I've been stuck on the, "...And the good!" lesson for quite a while now. I've used a few variations of syntax but none have worked. This is what I currently have. Any ideas?

for (i = 1; i < 20; i++);
if ( i % 5 === 2 || i % 5 === 4){
console.log("Buzz");
}

else if(i % 3 === 2 || i % 3 === 3 || i % 3 === 4 || i % 3 === 6 || i % 3 === 7 || i % 3 === 8 || i % 3 === 9 ){
console.log("Fizz");
}

else if(i % 3 === 5 ){
console.log("FizzBuzz");
}
else{
console.log(i);
};

#2

@bluejaywinters PLEASE Take a look at THIS.

#3

I recommend researching how the modulus (%) works - there was an early lesson on this, perhaps you should revisit it. If a number is divisible by something, the remainder should be zero.

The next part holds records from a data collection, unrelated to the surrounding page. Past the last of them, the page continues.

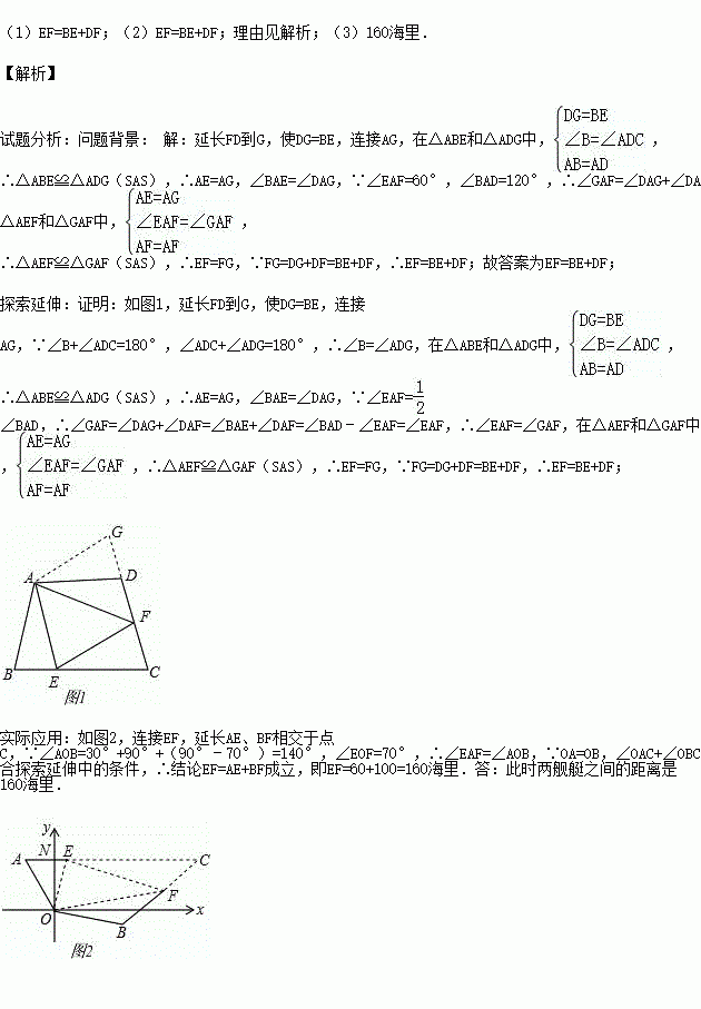 如图(3),在某次军事演习中,舰艇甲在指挥中心(O处)北偏西30°的A处,舰艇乙在指挥中心(O处)南偏东70°的B处,并且两舰艇到指挥中心的距离都是90海里,接到行动指令后,舰艇甲向正东方向以60海里/小时的速度前进,同时,舰艇乙沿着射线BM的方向(∠OBF=120°),以14海里/小时的速度前进1.5小时后,指挥中心观测到甲、乙两舰艇分别到达E,F处,且舰艇乙在指挥中心南偏东80°,试问,两舰艇E,F之间的距离是否符合(2)的条件?如果符合,请求出两舰艇之间的距离(画出辅助线);如果不符合,请说明理由.
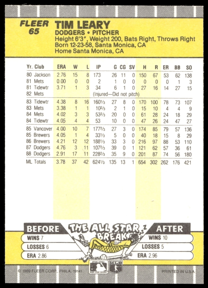 This Baseball card, from 1989 is part of the Fleer card set. Tim Leary is featured and has a card number of 65.
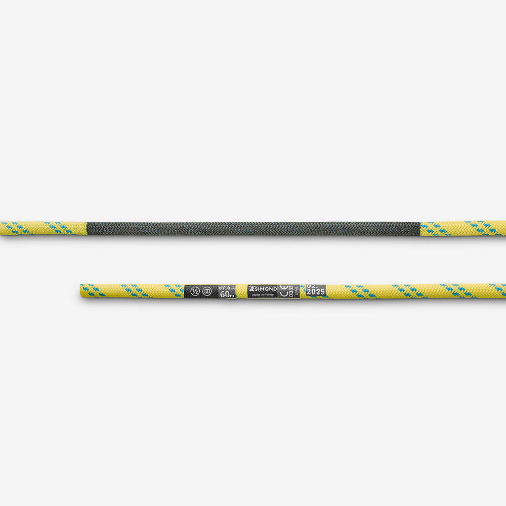 Žuto polu-uže za penjanje, planinarenje i spuštanje po ledu (7,5 mm x 60 m)
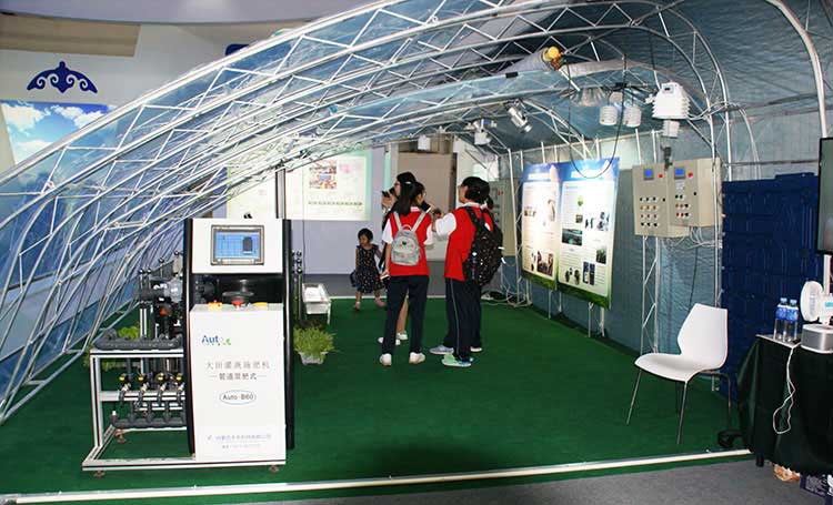 在展區(qū)中間,一座名為“新型裝配式內(nèi)保溫日光溫室&陽光畜牧棚舍”格外引人注目。這個外表是蔬菜暖棚的龐然大物,里面設置了LED智能顯示器、智能放風和卷簾控制系統(tǒng)、營養(yǎng)液施肥機,還擺放著無土栽培綠色蔬菜樣品供觀眾觀賞。
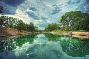 巴頓泉池位于德克薩斯州的奧斯汀市,占地超過3英畝,全年池水溫度保持在68度,地下涌出的泉水曾經被通卡瓦的美國土著部落用于凈化儀式。這里約18英尺深的泳池從每年的11月到3月的晚上9點以后免費開放;從3月到10月是收費的,成人3美元,兒童1美元。
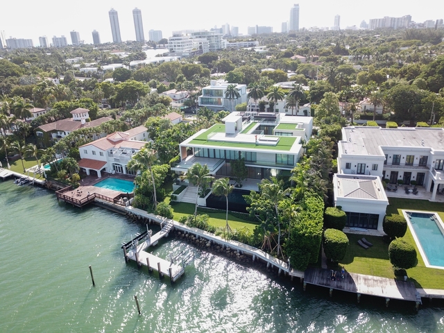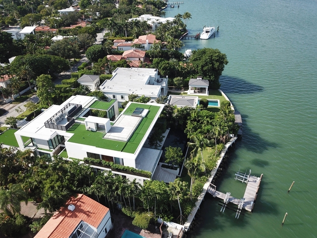 Evin dış mekanında açık mutfak ve Biscayne Körfezi'ne doğru giden 40 metrelik bir cephesi var.
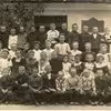 Skoleelever og lærer foran skolebygning
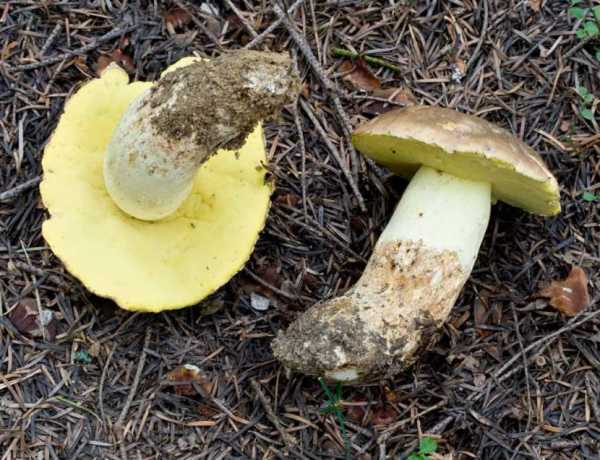 Мякоть боровика белого или светлого желтого, лимонного оттенка. У большинства видов срез синеет, у некоторых – цвет остается без изменений или краснеет.

For example, if I wanted to find out if 33 was divisible by 11, 33%11 should be equal to zero.

#4

#5

The % modulo is to see if a number is divisible or not, so :
20 % 5 === 0; 20 is divisible by 5, the remainder is 0.
10 % 2 === 0; 10 is divisible by 2, the remainder is 0.
10 % 3 === 1; 10 is not divisible by 3, the remainder is 1.

So you must set :
i % 3 === 0. // if the number i is divisible by 3, console.log("FIZZ"). instead of "i % 3===5".

#6

Hi mi code work's but i don't now if is 100% correct soo...

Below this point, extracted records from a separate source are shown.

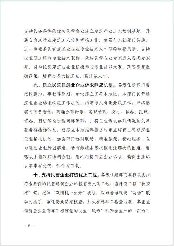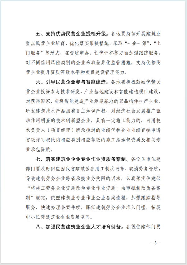 支持优势民营企业提档升级。采取“一企一策”、“上 门服务”等形式,在资质申办、创优评杯等方面加强跟踪服务,支持优势民 营企业提升资质等级水平和项目建设管理能力。
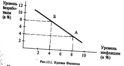 Безработица и инфляция находятся в определенной количественной зависимости. Профессор Лондонской экономической школы А. Филипс в конце 50-x годов установил такую закономерность: чем ниже уровень инфляции, тем выше уровень безработицы, и наоборот - это объяснимо. С повышением уровня безработицы уменьшается покупательная способность населения. Безработица отрицательно сказывается на уровне оплаты труда. В итоге уровень жизни снижается. Этот процесс наглядно представлен в виде кривой Филипса (рис. 15.1.).
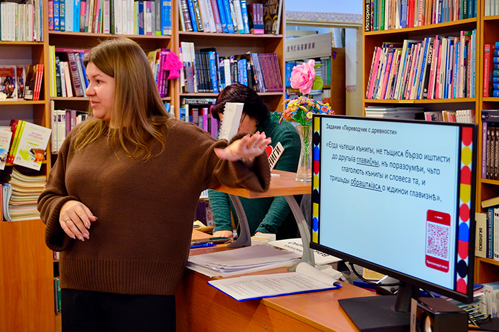 Особый интерес у студентов вызвала практическая часть. Студенты выполняли задания, связанные с работой со словарями и решали увлекательные задачи, требующие перевода слов и фраз со старославянского языка, что позволило им на практике ощутить разницу между древней и современной лексикой.
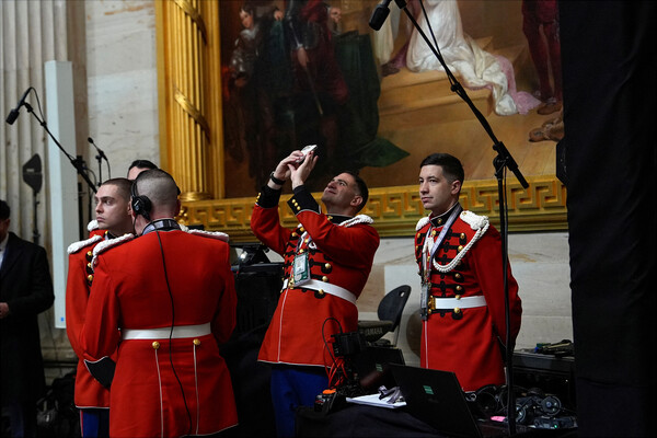 Участники оркестра морской пехоты США «The President's Own» перед 60-й президентской инаугурацией в Ротонду Капитолия США в Вашингтоне в понедельник, 20 января 2025 года
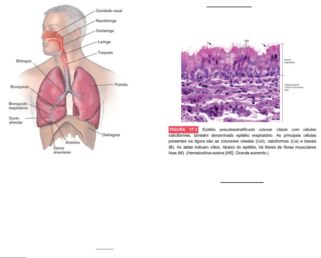 Sistema Respiratório Visão geral do Sistema Respiratório O sistema respiratório é constituído pelos pulmões e por um sistema de tubos que comunicam estes órgãos com o meio exterior. → Funções principais: condução de ar, filtração de ar e trocas gasosas (respiração). Distinguem-se no sistema respiratório duas porções com atividades funcionais distintas: - A porção condutora: cavidade nasal, nasofaringe, laringe, traqueia, brônquios, bronquíolos; - A porção respiratória é a parte do trato respiratório em que ocorre a troca gasosa: bronquíolos respiratórios, ductos alveolares, sacos alveolares, alvéolos; 1. Porção condutora: lúmen constantemente aberto; seguintes tecidos: osso, cartilagem, tecido conjuntivo e tecido muscular liso. 2. Porção respiratória: Nesses locais ocorrem as trocas de gases entre o sangue e o ar. - O ar que passa através das vias respiratórias precisa ser condicionado antes de alcançar as unidades respiratórias terminais. - O condicionamento do ar ocorre na porção condutora do sistema respiratório e inclui: aquecimento, umedecimento e a remoção de materiais particulados. → Mucosa respiratória (tec. Epitelial – avascular- com lâmina própria abaixo – tec. Conjuntivo frouxo = suporte e vascularização): função no condicionamento do ar, umedecendo e aprisionam partículas que passaram pelas Vibrissas, pelos espessos e curtos especiais. Também impede desidratação do epitélio subjacente decorrente da movimentação de ar. O muco cobre quase toda a superfície luminal das vias condutoras, e é continuamente produzido por células caliciformes e por glândulas secretoras de muco localizadas nas paredes das vias respiratórias. O muco e outras secreções são movidos em direção à faringe por meio de movimentos coordenados de varredura promovidos pelos cílios e, em seguida, são normalmente deglutidos EPITÉLIO RESPIRATÓRIO A maior parte da porção condutora é revestida internamente por um epitélio pseudoestratificado colunar ciliado com células caliciformes, denominado epitélio respiratório. CAVIDADES NASAIS - As duas câmaras das cavidades nasais são divididas em vestíbulo do nariz (entrada das cavidades nasais), região respiratória e região olfatória; - A região respiratória é revestida pela mucosa respiratória, que contém um epitélio pseudoestratifica- do colunar ciliado; - O epitélio respiratório é composto de células colunares altas com cílios (promovem o movimento da secreção e de outras partículas na superfície mucosa), células caliciformes (secretam muco), células em escova (respondem pela inervação sensorial), células de pequenos grânulos (células enteroendócrinas que secretam hormônios e citocinas) e células basais (células tronco). - A região olfatória localiza-se no teto da cavidade nasal e é revestida por um epitélio pseudoestratificado olfatório que não contem células caliciformes; - O epitélio olfatório é composto de células receptoras olfatórias (neurônios bipolares), células de sustentação, células em escova e células basais; - As células receptoras olfatórias contem cílios apicais imóveis, que dispõe de receptores acoplados à proteína G envolvidos na via de transdução olfatória; - As glândulas olfatórias (de Bowman) são glândulas características da mucosa olfatória. - Região olfatória da cavidade nasal FARINGE E LARINGE - A faringe é uma continuação posterior das cavidades nasal e oral. Atua como uma via de passagem para alimento para dentro do esôfago e de entrada do ar para dentro da laringe; - É dividida em duas partes: parte nasal da faringe (nasofaringe) e parte oral da faringe (orofaringe); - A concentração de nódulos linfáticos na junção entre as paredes superior e posterior da faringe é denominada tonsila faríngea; - A laringe é uma conexão entre a faringe e a traqueia. Contém pregas vocais que controlam o fluxo de ar através da laringe. Sua vibração produz som; - A laringe é revestida por mucosa respiratória, exceto na superfície luminal das pregas vocais, que é coberta por epitélio estratificado pavimentoso. TRAQUEIA - A traqueia estende-se da laringe até o mediastino, em que se divide nos dois brônquios principais (primários); - O lúmen da traqueia permanece aberto devido aos anéis cartilaginosos; - A parede da traqueia consiste em quatro camadas: • A mucosa, composta por epitélio pseudoestratificado cilíndrico ciliado com células caliciformes que repousa sobre uma membrana basal espessa rica em fibras elásticas; • A submucosa, tec. Conjuntivo denso não modelado; • A camada cartilaginosa, cartilagem hialina contínua em formato de C; • A adventícia, une a traqueia às estruturas adjacentes (se mistura com a adventícia de outras estruturas). Setas: espaços medulares do tec. Ósseo - Traqueia humana BRÔNQUIOS E BRONQUÍOLOS - A traqueia divise-se nos brônquios principais (primários) direito e esquerdo, que entram nos pulmões e ramifica-se extensamente até o nível dos bronquíolos; - Os brônquios são revestidos de mucosa respiratória com a mesma composição celular da traqueia. Contém placas de cartilagem e uma camada de musculo liso; - Os bronquíolos são ramos dos brônquios segmentares com 1 mm ou menos de diâmetro e não contém placas de cartilagem nem glândulas; - Os menores bronquíolos terminais condutores são revestidos de epitélio simples cuboide contendo células de Clara. Essas células produzem um agente tensoativo, que impede o colapso das vias respiratórias; - Os bronquíolos respiratórios constituem a primeira porção da árvore bronquial que possibilita a troca gasosa. → Na sua porção inicial, os brônquios apresentam a mesma estrutura histológica geral que a traqueia. A partir de sua entrada nos pulmões, onde irão se constituir os brônquios intrapulmonares (fragmentação da cartilagem hialina), a estrutura da parede brôn
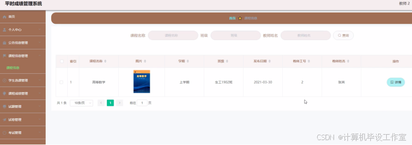 课程信息管理,教师在课程信息管理页面进行详情查看,如图5-16所示。
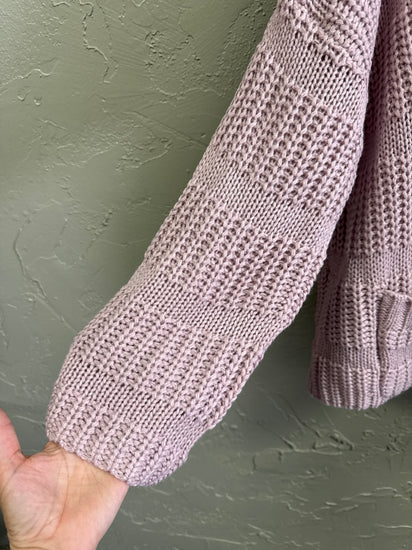 Description : Chunk knit cardigan in a beautiful lilac color. Open front with a single button closure, oversized fit, textured pattern, two front patch pockets, long sleeves with ribbed cuffs, ribbed hem at the bottom, casual style
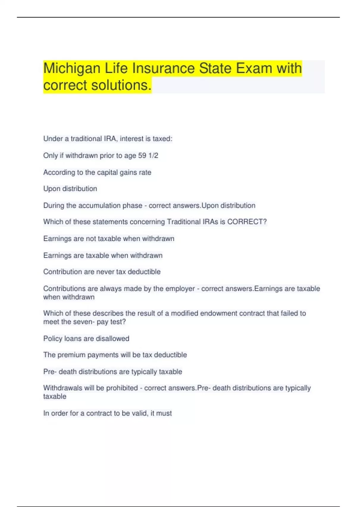 Michigan Life Insurance State Exam with correct solutions. Under a traditional IRA, interest is taxed: Only if withdrawn prior to age 59 1/2 According to the capital gains rate Upon distribution During the accumulation phase - correct answers.Upon distribution Which of these statements concerning Traditional IRAs is CORRECT? Earnings are not taxable when withdrawn Earnings are taxable when withdrawn Contribution are never tax deductible Contributions are always made by the employer - correct answers.Earnings are taxable when withdrawn Which of these describes the result of a modified endowment contract that failed to meet the seven- pay test? Policy loans are disallowed The premium payments will be tax deductible Pre- death distributions are typically taxable Withdrawals will be prohibited - correct answers.Pre- death distributions are typically taxable In order for a contract to be valid, it must be filled with the state be signing and witnessed by an attorney be in writing contain offer and acceptance - correct answers.Contain offer and acceptance Which of the following actions is REQUIRED by a producer who is replacing an existing life insurance policy? Keep replacement records on file for at least 10 years Notify the existing insurer of the proposed replacement Submit to the replacing insurer a list of the policies to be replaced Offer the insured a 60- day free- look period - correct answers.Submit to the replacing insurer a list of the policies to be replaced Who were Keogh plans designed to provide pension benefits for? Corporate officers Public school employees The self-employed Government employees - correct answers.The self emplyed A producer's fiduciary duty requires that premiums are maintained in a personal bank account until remittance to insurer premiums be deposited in an interest bearing account premiums are forwarded to the insurer on a timely basis premiums be commingled - correct answers.Premiums are forwarded on a timely basis An individual who removes the risk of losing money in the stock market by never purchasing stocks is said to be engaging in Risk reduction Risk Transference

for (i = 1; i <= 20; i++){
if (i % 3 === 0){
if (i % 5 === 0){
console.log("FizzBuzz");
} else {
console.log("Fizz");
}
} else if (i % 5 === 0){
console.log("Buzz");
} else {
console.log(i);
}
}

#7

It is correct but instead of write "if ( i % 3 === 0 ) {
if ( i % 5 === 0 ) {
console.log ( "fizzbuzz");
}
};
it is much more nice and cleaner to do :
if (( i % 3 === 0 ) && ( i % 5 === 0)) {
console.log ( "fizzbuzz");
}

#8

but in complete syntax?